Simple scheduling for short-running Docker containers

Usage

Dockron requires access to the Docker, so it may need to be run as root, or, if in a Docker container, need the socket mapped as a volume.

Running Dockron

As simple as:

dockron

It will then run in the foreground, periodically checking Docker for containers with labels containing a cron schedule.

By default, Dockron will periodically poll Docker for new containers or schedule changes every minute. You can specify an interval by using the -watch flag.

Running with Docker

Dockron is also available as a Docker image.
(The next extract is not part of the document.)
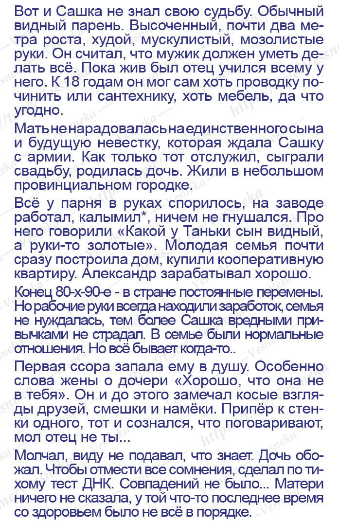Приветный привет всем! Если бы каждый из нас знал как сложится его судьба, жить было бы просто. Не суждено угадать будет этот путь счастливыми и безоблачным или тернистым и сложным. ПыСы. Спросите откуда у меня такая история? Узнала я её случайно. Странность мужчины бросается в глаза внешне, а при общении и того подавно. Столкнулась я с ним, будучи у соседки в гостях. Она потом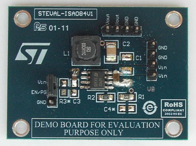 The STEVAL-ISA084V1, based on the ST1S40, is an internally compensated 800 kHz fixed-frequency PWM synchronous step-down converter demonstration board.

The multi-arch repo can be found at IamTheFij/dockron

From either an amd64, arm, or arm64 machine, you can run Dockron using:

docker run -v /var/run/docker.sock:/var/run/docker.sock:ro iamthefij/dockron -watch

Scheduling a container

First, be sure your container is something that is not long running and will actually exit when complete. This is for batch runs and not keeping a service running. Docker should be able to do that on it's own with a restart policy.

Create your container and add a label in the form dockron.schedule="* * * * *", where the value is a valid cron expression (See the section Cron Expression Formatting).

Dockron will now start that container peridically on the schedule.

Cron Expression Formatting

For more information on the cron expression parsing, see the docs for robfig/cron.

Caveats

Dockron is quite simple right now. It does not yet:

  • Issue any retries
  • Cancel hanging jobs

I intend to keep it simple as well. It will likely never:

  • Provide any kind of alerting (check out Minitor)
  • Handle job dependencies

Either use a separate tool in conjunction with Dockron, or use a more robust scheduler like Tron, or Chronos.